LOCAL artists and a group of Wearside youngsters have been inspired by the forthcoming Leonardo Da Vinci exhibition to create their own Mackem Mona Lisas.

The much-anticipated Leonardo da Vinci: A Life in Drawing exhibition arrives at Sunderland Museum & Winter Gardens next month. The exhibition will feature 12 drawings from the Italian master and is part of a national tour to mark the 500th anniversary of his death. Sunderland is one of 12 UK venues chosen by Royal Collection Trust to simultaneously host the exhibition, which will feature a total of 144 of Leonardo drawings.

Sunderland artist Ian Potts has been working with members of his Fulwell Library Art Group (FLAG) and young people from the Southwick Neighbourhood Youth Project (SNYP) to create their own versions of one of Leonardo’s great masterpieces, the Mona Lisa.

FLAG members painted their own versions of the famous artwork. Among them were Davy Robson who created his own LS Lowry version of the painting and Sue Martin, who painted the Mona Lisa as former BBC News Chief Reporter Kate Adie, who grew up in Sunderland.

Ian said: “FLAG has only recently been formed and I thought this was a great project for them to start with – what they’ve produced in only a few short weeks is remarkable really. We’ve all been inspired by the extraordinary work of Leonardo and I think everyone in the group will be attending the exhibition when it arrives.

“The young people of SNYP have been a joy to work with and we created versions of the Mona Lisa using items and plastics we found washed up on the beach, as well as everyday items we found in homes.”

Ruth Oxley, Project Co-ordinator at SNYP said the youngsters had very much enjoyed the sessions with Ian: “They had a great time and loved working with the different materials they’d found.”

The artwork produced by FLAG and SNYP were exhibited at Mackie’s Corner last weekend. (Jan 19 and 20).
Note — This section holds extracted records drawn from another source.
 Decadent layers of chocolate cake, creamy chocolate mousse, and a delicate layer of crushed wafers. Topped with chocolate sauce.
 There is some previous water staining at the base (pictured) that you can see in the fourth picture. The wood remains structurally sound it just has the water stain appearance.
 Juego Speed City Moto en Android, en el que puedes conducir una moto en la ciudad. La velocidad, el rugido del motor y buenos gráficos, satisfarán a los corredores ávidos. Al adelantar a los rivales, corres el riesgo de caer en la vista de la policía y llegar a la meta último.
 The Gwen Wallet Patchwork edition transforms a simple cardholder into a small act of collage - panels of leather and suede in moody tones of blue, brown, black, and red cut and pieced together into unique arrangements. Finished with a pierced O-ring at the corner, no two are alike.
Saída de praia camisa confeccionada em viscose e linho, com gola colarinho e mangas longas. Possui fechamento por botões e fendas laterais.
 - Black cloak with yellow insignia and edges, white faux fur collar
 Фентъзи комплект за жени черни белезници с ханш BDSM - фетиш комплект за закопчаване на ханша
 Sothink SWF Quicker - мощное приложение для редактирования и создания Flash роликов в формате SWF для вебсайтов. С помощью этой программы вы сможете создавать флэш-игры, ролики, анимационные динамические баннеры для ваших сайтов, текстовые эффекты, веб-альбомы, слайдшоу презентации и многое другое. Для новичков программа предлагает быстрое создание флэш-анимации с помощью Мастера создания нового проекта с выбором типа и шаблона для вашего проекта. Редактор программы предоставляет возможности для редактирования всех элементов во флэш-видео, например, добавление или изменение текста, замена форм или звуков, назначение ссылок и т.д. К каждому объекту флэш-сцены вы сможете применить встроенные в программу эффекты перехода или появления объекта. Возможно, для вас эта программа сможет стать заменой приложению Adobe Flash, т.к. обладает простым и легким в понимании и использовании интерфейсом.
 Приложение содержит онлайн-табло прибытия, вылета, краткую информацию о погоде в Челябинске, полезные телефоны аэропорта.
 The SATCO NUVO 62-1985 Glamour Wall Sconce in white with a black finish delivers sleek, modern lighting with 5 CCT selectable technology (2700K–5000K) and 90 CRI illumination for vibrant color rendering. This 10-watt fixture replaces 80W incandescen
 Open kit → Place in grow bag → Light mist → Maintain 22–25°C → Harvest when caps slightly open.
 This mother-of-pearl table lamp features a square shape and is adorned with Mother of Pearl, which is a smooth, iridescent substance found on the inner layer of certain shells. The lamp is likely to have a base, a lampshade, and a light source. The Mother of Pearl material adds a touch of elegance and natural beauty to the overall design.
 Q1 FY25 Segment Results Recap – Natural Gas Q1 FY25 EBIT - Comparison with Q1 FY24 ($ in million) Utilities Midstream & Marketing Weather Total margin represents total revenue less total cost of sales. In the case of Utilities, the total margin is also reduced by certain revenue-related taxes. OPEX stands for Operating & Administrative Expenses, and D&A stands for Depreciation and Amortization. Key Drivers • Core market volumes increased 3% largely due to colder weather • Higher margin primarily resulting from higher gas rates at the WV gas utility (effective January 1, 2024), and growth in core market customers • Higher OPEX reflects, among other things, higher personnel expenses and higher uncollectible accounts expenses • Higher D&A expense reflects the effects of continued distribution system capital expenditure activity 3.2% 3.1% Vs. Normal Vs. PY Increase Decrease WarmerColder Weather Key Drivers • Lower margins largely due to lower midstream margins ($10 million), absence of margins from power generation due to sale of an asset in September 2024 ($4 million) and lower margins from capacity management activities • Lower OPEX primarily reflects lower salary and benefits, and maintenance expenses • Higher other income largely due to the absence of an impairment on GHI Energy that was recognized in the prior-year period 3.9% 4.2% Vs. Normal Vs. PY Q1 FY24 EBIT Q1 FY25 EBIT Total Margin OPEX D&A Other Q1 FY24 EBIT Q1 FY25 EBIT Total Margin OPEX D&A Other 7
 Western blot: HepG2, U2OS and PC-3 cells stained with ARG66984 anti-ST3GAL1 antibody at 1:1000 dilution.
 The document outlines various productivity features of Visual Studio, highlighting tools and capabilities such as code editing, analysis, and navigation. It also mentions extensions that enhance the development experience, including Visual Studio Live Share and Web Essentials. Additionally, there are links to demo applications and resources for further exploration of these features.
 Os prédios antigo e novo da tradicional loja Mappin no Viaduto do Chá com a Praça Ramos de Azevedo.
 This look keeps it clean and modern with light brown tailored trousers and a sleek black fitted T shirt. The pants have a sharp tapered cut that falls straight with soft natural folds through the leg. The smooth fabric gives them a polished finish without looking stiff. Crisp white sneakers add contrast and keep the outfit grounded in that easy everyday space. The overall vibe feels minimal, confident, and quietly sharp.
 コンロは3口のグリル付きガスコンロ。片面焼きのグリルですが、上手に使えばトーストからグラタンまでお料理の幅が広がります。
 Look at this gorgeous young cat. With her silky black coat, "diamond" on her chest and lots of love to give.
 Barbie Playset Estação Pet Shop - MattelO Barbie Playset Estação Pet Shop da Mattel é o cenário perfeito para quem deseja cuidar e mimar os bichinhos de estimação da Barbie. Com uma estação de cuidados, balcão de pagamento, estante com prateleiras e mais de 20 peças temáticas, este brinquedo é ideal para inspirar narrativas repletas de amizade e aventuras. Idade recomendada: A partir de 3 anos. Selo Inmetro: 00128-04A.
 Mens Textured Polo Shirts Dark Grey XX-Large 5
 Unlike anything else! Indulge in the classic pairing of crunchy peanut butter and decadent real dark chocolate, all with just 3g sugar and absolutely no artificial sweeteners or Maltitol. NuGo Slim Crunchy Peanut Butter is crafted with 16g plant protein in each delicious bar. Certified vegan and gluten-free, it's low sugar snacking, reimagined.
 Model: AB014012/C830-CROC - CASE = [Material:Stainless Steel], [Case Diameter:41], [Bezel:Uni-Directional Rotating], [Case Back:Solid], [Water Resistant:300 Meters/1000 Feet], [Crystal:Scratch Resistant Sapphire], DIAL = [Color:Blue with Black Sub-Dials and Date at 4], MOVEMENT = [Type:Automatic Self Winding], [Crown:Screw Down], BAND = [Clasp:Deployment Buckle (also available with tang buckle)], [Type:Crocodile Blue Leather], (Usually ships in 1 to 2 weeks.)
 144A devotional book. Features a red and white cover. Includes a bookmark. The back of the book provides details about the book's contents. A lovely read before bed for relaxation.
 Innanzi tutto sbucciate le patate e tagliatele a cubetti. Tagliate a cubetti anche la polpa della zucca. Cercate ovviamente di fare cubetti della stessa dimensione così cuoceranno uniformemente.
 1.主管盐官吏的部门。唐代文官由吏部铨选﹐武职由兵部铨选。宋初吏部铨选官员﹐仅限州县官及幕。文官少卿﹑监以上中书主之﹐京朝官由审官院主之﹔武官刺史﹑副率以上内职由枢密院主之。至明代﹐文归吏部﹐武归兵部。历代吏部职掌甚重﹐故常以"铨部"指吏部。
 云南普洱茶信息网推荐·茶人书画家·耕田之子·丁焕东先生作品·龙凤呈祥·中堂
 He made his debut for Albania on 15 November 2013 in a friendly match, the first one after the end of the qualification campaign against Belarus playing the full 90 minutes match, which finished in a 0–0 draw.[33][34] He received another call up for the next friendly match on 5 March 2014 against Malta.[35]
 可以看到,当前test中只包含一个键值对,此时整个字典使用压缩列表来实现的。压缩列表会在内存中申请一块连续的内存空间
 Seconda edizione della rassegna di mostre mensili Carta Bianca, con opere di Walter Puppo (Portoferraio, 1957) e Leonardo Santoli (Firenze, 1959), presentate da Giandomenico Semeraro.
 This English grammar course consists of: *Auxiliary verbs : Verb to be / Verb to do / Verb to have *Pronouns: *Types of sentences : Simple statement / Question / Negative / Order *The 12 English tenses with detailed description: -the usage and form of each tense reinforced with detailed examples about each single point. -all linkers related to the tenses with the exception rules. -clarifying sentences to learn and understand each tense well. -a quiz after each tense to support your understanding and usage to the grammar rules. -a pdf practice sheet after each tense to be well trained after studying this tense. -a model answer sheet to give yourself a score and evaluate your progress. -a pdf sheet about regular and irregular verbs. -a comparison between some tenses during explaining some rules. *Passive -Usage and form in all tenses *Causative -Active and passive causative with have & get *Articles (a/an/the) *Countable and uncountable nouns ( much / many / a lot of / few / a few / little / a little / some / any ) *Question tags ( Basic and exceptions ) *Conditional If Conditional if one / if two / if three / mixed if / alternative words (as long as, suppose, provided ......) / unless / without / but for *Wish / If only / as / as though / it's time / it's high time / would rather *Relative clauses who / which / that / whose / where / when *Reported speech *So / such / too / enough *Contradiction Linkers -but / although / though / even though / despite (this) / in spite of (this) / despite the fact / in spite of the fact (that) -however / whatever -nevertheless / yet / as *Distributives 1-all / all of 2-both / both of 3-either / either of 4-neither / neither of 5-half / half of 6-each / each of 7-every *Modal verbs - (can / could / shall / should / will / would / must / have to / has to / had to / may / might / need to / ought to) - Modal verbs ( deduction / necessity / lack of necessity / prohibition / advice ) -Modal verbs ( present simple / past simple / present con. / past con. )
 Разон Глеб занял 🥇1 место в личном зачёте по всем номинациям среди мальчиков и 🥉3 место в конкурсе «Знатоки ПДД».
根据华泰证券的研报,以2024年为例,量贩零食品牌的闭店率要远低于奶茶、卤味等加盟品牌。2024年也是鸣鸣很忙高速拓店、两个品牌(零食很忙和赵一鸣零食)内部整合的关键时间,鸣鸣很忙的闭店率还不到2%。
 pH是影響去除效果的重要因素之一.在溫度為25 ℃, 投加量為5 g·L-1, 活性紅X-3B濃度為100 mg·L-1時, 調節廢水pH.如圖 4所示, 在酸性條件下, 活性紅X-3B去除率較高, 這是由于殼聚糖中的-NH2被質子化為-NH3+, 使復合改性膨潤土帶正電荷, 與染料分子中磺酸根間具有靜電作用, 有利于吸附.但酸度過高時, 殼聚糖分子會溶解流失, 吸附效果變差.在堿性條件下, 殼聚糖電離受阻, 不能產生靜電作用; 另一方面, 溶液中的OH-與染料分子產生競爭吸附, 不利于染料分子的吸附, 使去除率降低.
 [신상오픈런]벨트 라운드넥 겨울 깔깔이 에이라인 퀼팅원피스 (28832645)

Mackie’s Corner is to be developed as part of the wider development of the Hutchinson buildings, but in the meantime, the space has been donated to Sunderland Culture to help bring more art into the city centre.  The Mackie’s Corner project has been funded through National Lottery funding from the Great Place Scheme, a joint fund from Arts Council England and Heritage Lottery Fund (thanks to the generosity of National Lottery players) to put arts, culture and heritage at the heart of communities.

Jo Cunningham, Exhibitions, Collections and Archive Manager at Sunderland Museum, added: “It’s great to see so many different groups and projects that have been inspired by the forthcoming Leonardo exhibition – it really seems to have captured the imagination.”

Councillor Stuart Porthouse, Cabinet Member for Housing and Regeneration at Sunderland City Council, said: “Mackie’s Corner holds a very special place in the hearts of Sunderland people and it’s fantastic to see this historic building being used again for this imaginative project.”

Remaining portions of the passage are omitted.